**What is expected:**
Under this line are records; the part from the line containing "it's a CRISIS™!" through the line containing "Kids Want a" should be repeated exactly. Please exclude pictures.

**The input:**
((

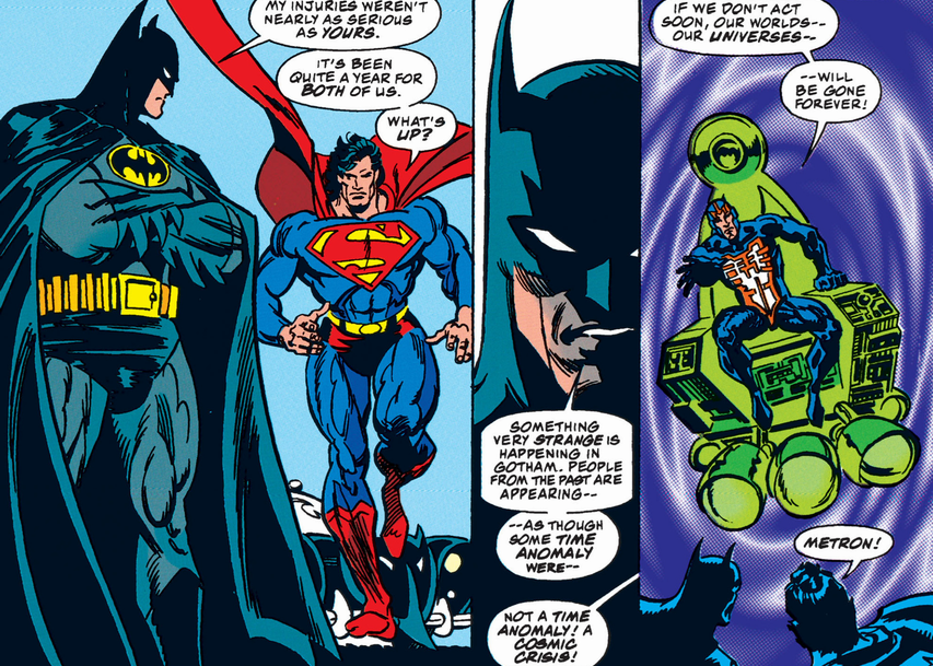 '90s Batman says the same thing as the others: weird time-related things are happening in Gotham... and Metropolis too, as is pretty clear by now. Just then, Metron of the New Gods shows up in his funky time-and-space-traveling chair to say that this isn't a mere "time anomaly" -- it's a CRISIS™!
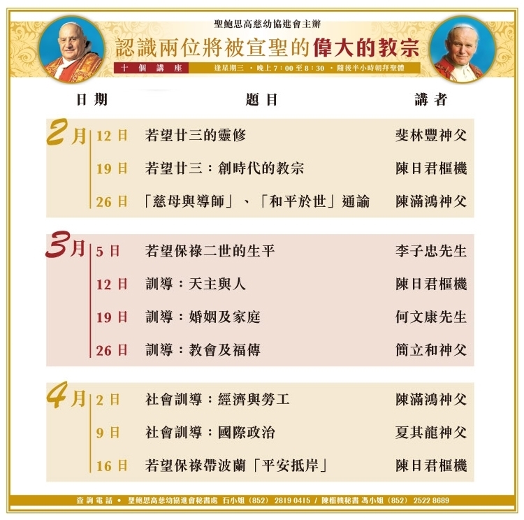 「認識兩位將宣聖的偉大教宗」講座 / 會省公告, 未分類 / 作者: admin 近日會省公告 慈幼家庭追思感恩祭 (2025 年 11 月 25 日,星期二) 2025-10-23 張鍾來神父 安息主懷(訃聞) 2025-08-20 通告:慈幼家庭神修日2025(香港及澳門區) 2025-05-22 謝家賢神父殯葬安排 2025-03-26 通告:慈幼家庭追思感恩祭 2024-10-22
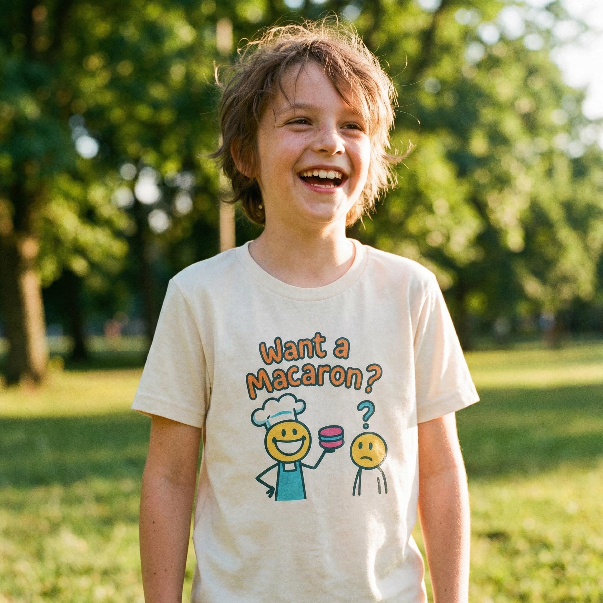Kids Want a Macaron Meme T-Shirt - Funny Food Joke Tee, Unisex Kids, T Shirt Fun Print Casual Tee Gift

))
((

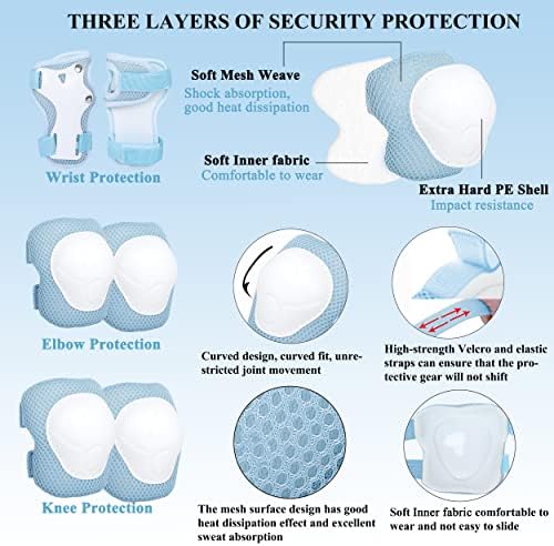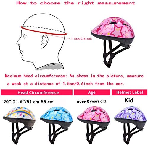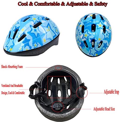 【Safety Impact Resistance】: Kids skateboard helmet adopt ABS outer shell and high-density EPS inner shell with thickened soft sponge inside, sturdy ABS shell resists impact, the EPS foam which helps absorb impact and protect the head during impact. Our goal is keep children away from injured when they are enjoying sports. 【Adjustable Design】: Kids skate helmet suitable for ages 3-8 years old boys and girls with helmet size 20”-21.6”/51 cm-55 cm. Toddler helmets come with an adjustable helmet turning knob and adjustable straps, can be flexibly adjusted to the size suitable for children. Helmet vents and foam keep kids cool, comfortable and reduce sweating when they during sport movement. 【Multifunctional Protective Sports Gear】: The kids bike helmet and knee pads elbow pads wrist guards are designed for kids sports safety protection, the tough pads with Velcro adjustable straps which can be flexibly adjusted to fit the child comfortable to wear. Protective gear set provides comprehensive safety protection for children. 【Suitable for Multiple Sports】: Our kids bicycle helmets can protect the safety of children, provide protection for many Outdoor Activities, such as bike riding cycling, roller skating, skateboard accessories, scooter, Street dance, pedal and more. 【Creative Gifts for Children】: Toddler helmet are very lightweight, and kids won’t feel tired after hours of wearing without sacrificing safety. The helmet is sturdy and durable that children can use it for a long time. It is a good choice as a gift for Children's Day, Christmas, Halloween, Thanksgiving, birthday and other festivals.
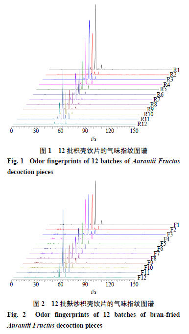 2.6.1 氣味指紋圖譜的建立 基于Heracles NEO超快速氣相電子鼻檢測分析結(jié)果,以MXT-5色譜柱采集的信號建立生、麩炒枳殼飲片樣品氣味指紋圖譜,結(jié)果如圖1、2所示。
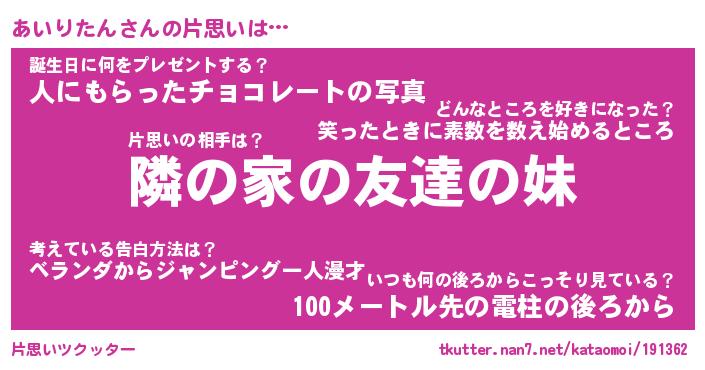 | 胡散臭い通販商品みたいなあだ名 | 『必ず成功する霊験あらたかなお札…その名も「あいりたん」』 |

))

**Task output:**
 '90s Batman says the same thing as the others: weird time-related things are happening in Gotham... and Metropolis too, as is pretty clear by now. Just then, Metron of the New Gods shows up in his funky time-and-space-traveling chair to say that this isn't a mere "time anomaly" -- it's a CRISIS™!
 「認識兩位將宣聖的偉大教宗」講座 / 會省公告, 未分類 / 作者: admin 近日會省公告 慈幼家庭追思感恩祭 (2025 年 11 月 25 日,星期二) 2025-10-23 張鍾來神父 安息主懷(訃聞) 2025-08-20 通告:慈幼家庭神修日2025(香港及澳門區) 2025-05-22 謝家賢神父殯葬安排 2025-03-26 通告:慈幼家庭追思感恩祭 2024-10-22
Kids Want a Macaron Meme T-Shirt - Funny Food Joke Tee, Unisex Kids, T Shirt Fun Print Casual Tee Gift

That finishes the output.